◆ **Goal of the exercise**
Set down, please, the line that contains "ふわもこクッションのデザイン" and every line that follows it to the end of the records, exactly; do not include pictures.

'''

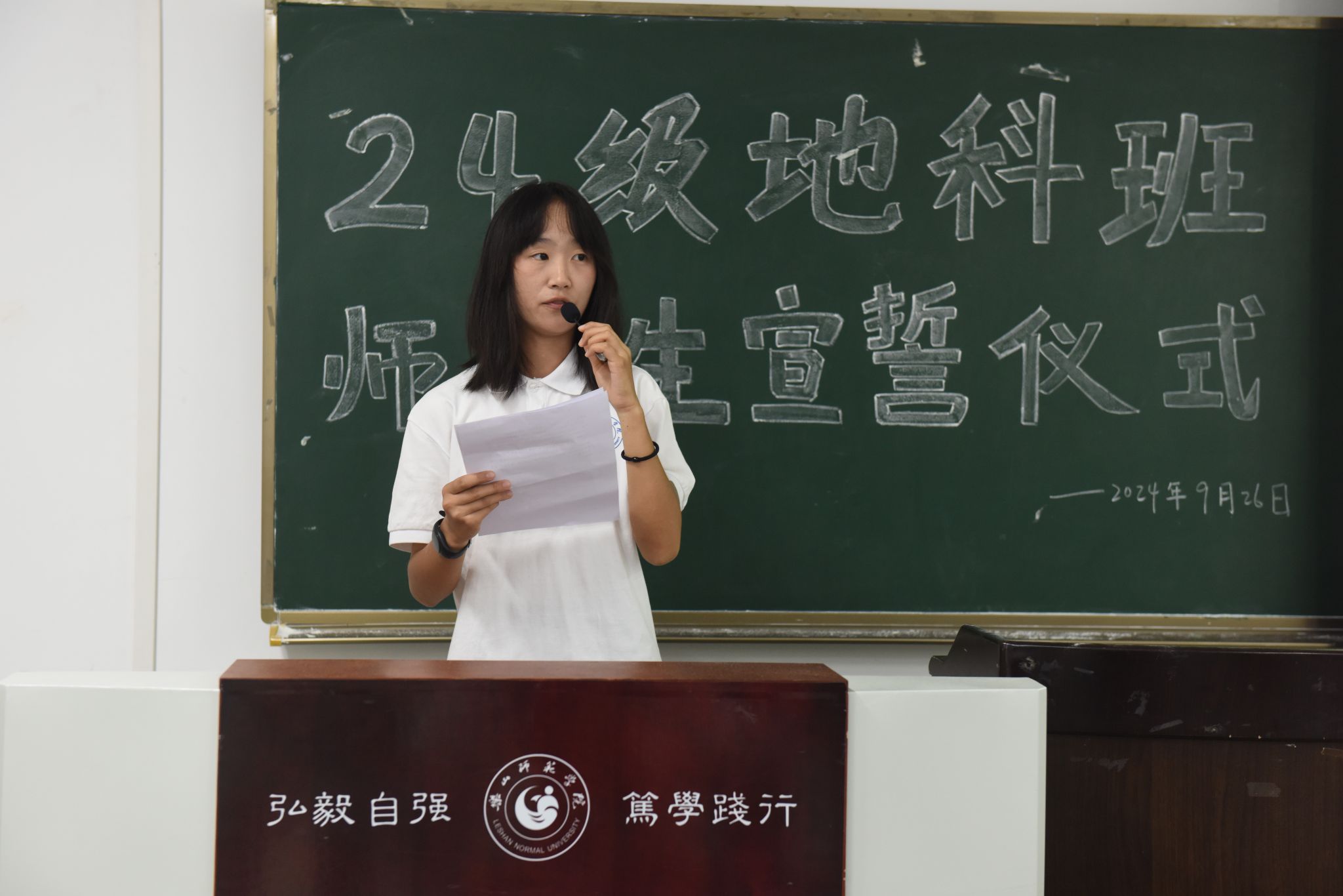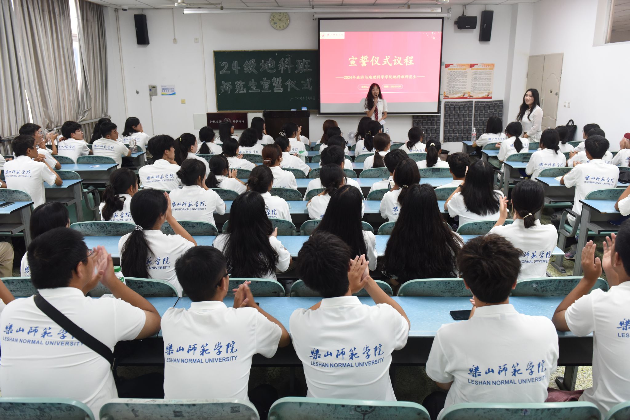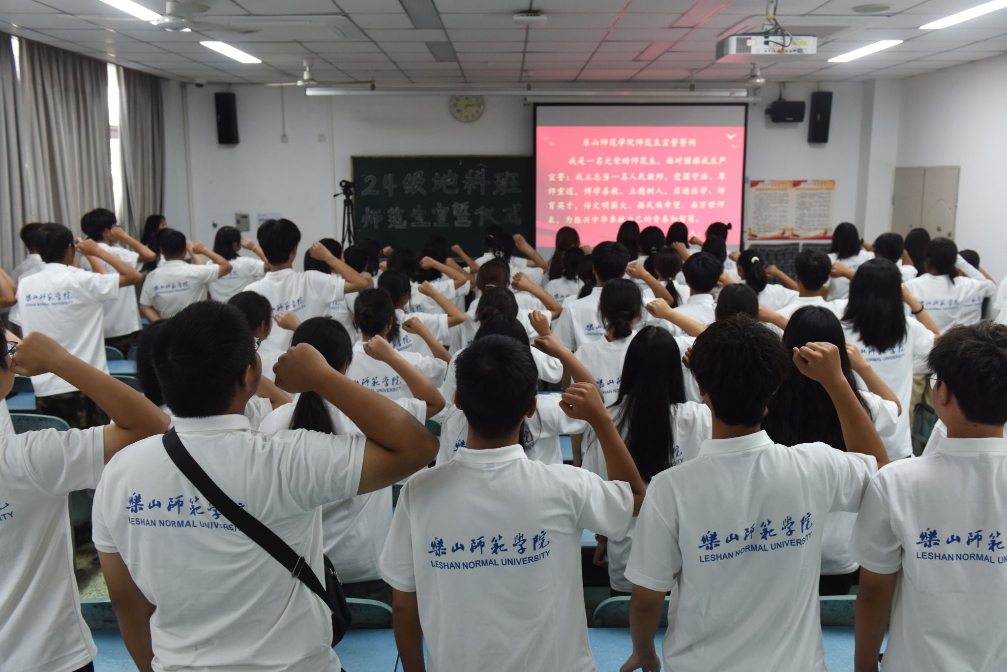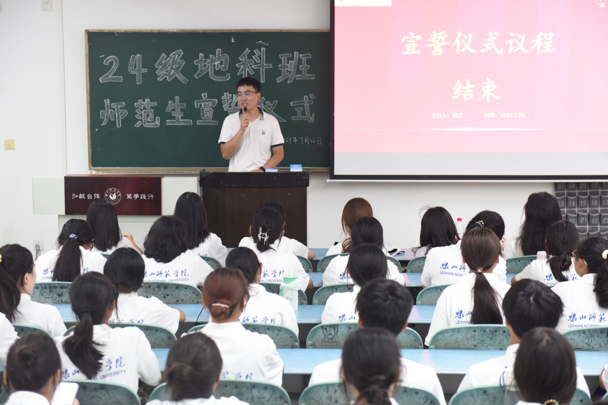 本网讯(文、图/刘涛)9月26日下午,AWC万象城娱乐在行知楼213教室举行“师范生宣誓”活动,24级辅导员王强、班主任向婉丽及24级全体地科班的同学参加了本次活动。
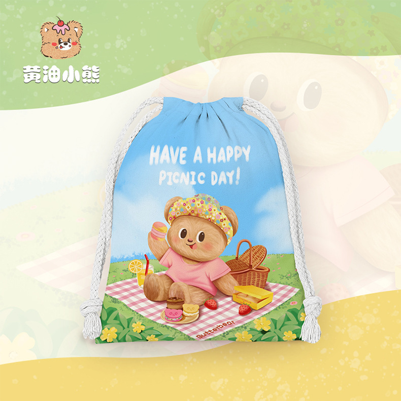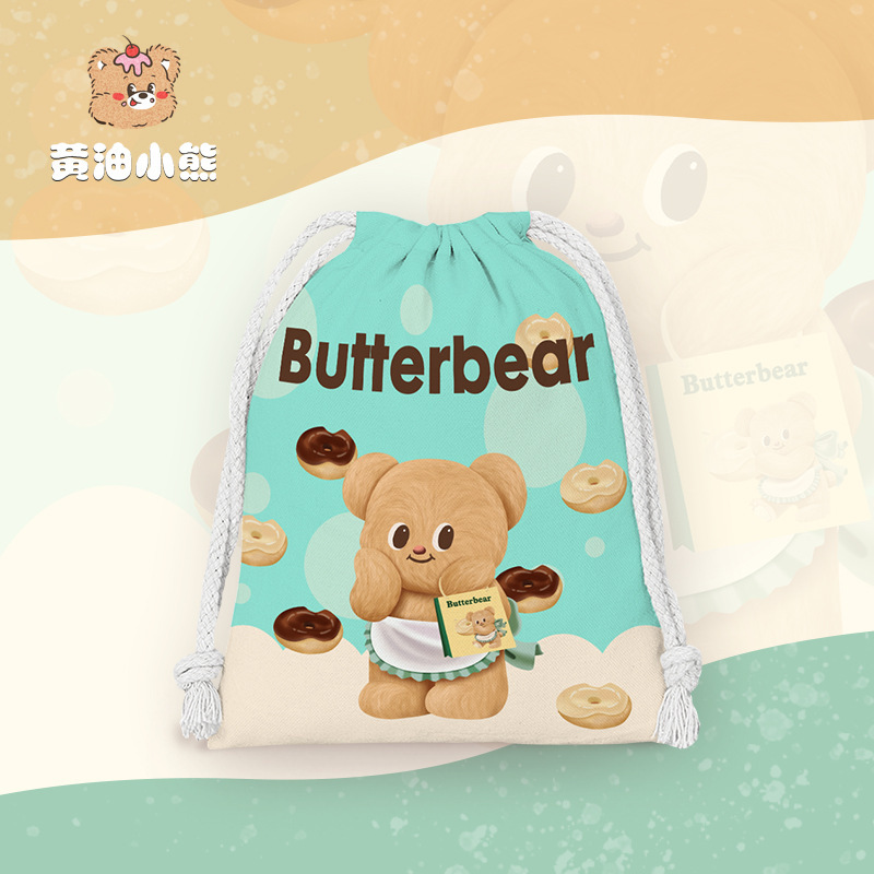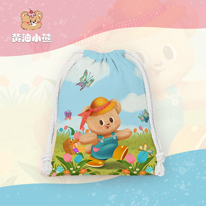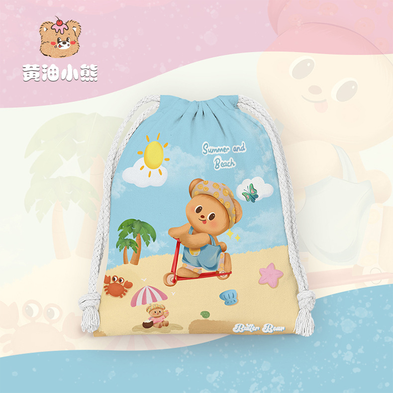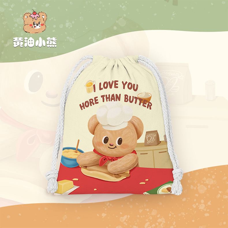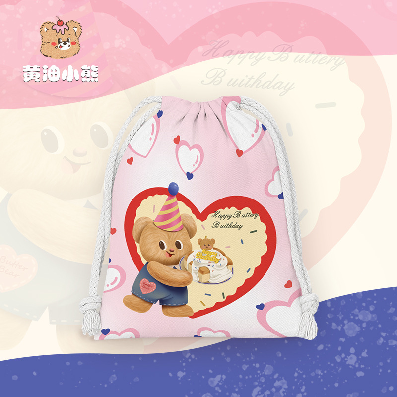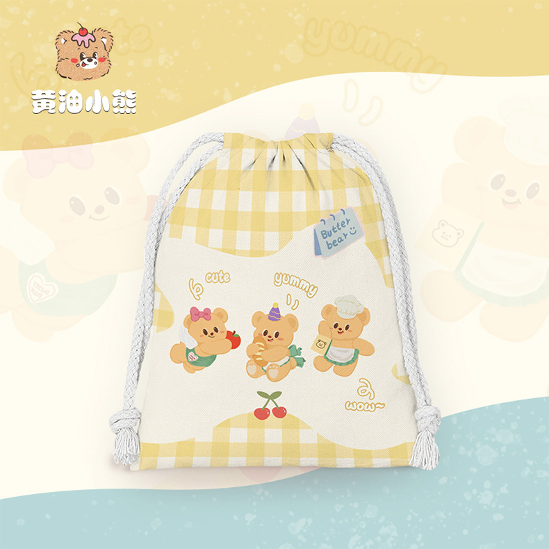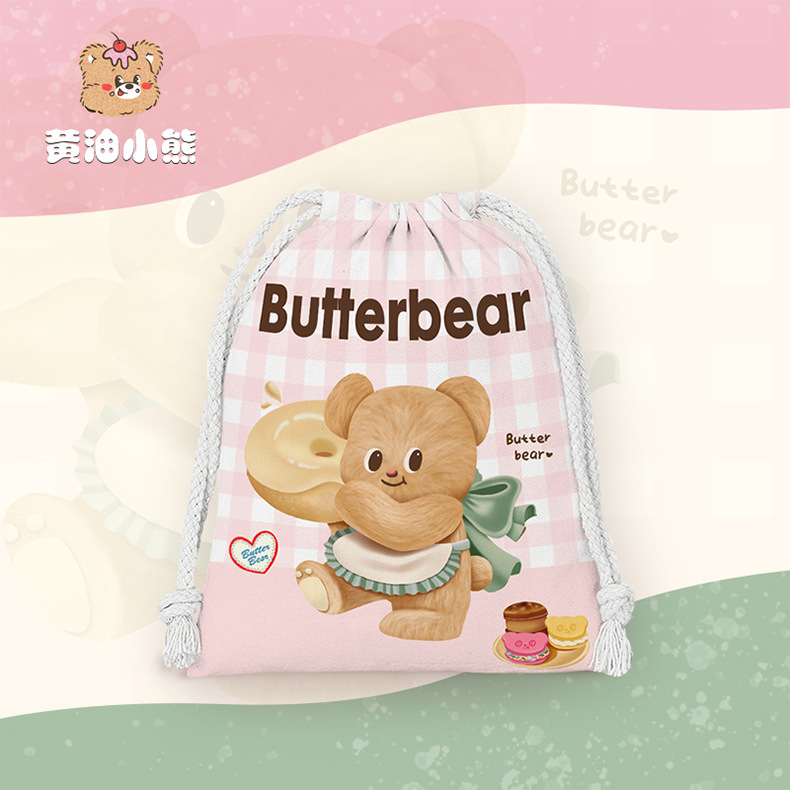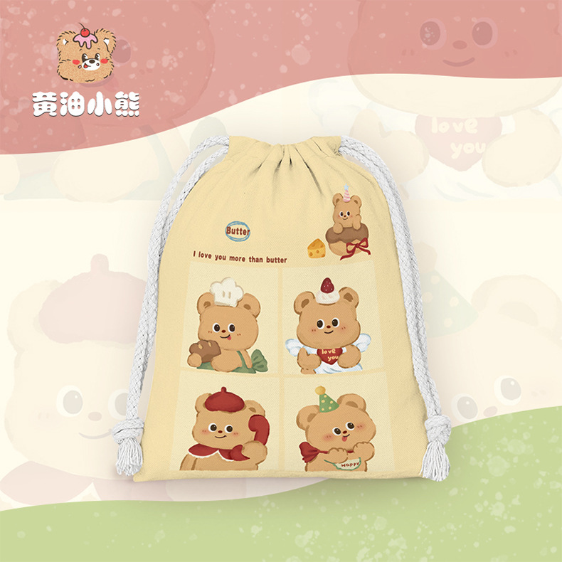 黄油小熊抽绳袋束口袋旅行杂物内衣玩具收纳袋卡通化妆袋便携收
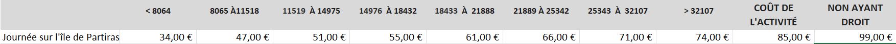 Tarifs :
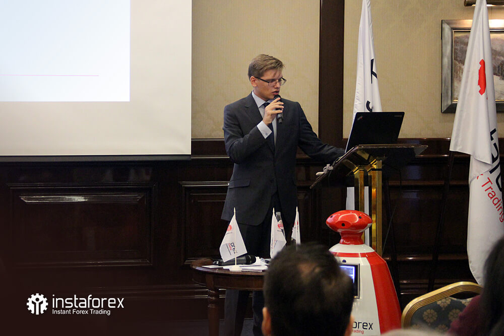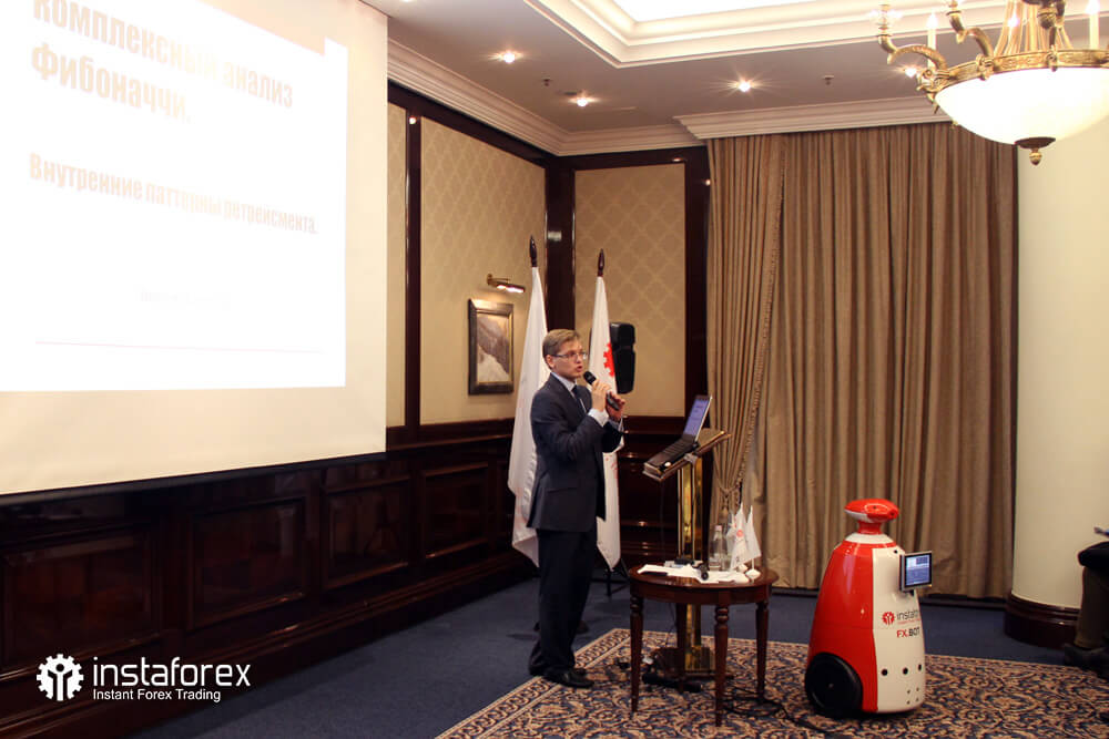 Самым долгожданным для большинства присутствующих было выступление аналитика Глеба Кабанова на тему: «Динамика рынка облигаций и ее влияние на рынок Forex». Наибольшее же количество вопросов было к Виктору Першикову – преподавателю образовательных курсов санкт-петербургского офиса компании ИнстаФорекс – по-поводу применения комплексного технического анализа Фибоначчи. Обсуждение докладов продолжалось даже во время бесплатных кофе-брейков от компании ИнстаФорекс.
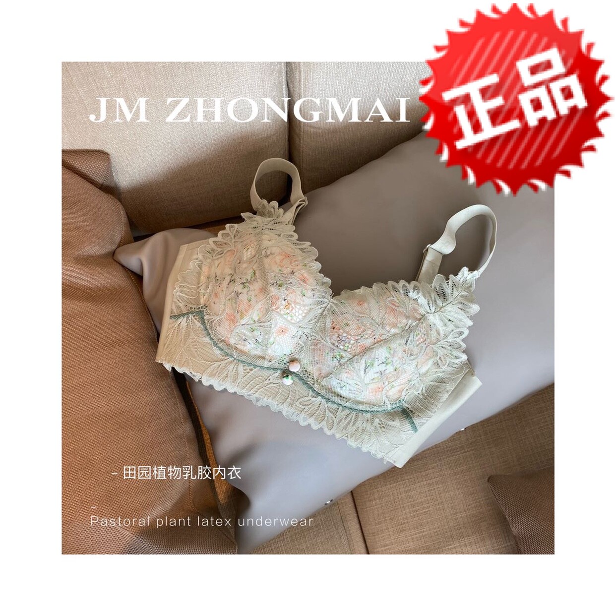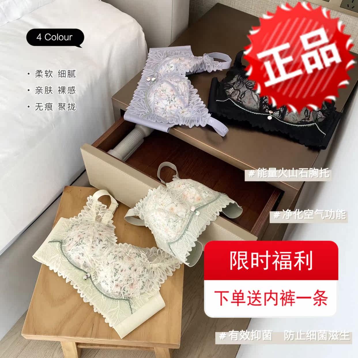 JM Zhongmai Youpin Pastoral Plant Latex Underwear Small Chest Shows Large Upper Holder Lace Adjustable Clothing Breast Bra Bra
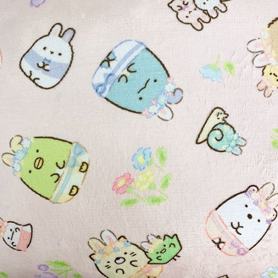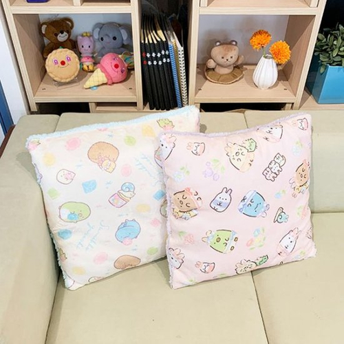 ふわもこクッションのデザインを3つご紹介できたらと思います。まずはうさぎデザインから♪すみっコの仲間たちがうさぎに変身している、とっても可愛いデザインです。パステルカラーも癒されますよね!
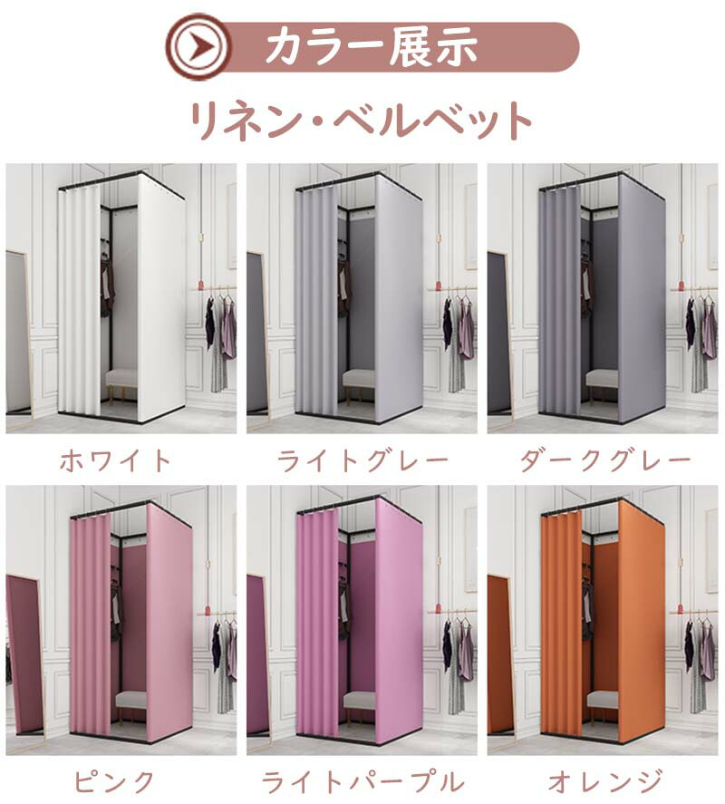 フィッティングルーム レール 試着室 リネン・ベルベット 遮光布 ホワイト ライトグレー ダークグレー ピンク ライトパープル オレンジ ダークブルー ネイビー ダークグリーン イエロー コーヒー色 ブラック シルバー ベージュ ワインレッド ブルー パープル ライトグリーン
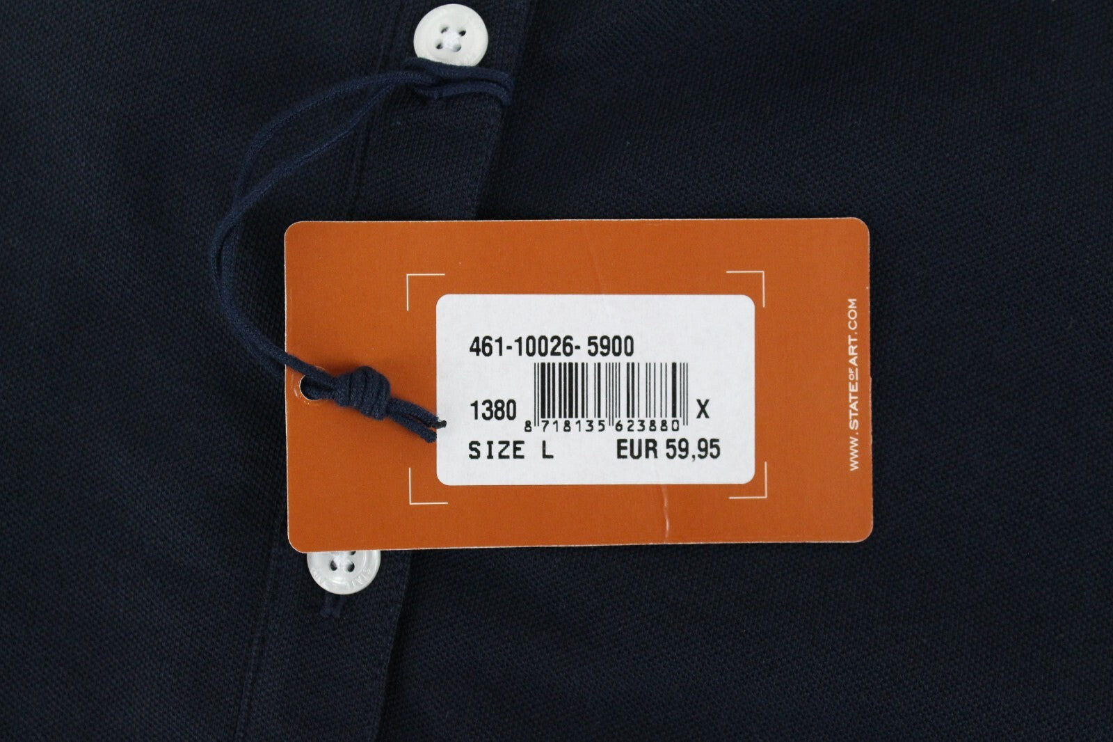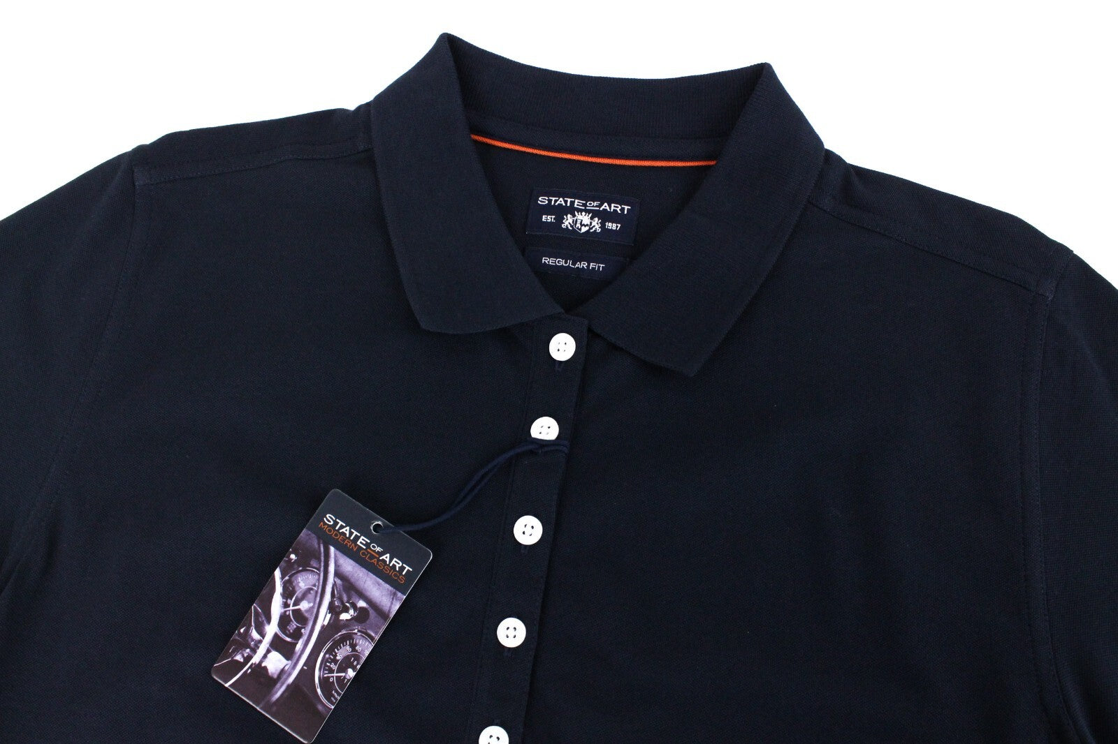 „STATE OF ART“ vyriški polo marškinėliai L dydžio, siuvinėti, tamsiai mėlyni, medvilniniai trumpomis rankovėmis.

'''

◆ **Written answer**
 ふわもこクッションのデザインを3つご紹介できたらと思います。まずはうさぎデザインから♪すみっコの仲間たちがうさぎに変身している、とっても可愛いデザインです。パステルカラーも癒されますよね!
 フィッティングルーム レール 試着室 リネン・ベルベット 遮光布 ホワイト ライトグレー ダークグレー ピンク ライトパープル オレンジ ダークブルー ネイビー ダークグリーン イエロー コーヒー色 ブラック シルバー ベージュ ワインレッド ブルー パープル ライトグリーン
 „STATE OF ART“ vyriški polo marškinėliai L dydžio, siuvinėti, tamsiai mėlyni, medvilniniai trumpomis rankovėmis.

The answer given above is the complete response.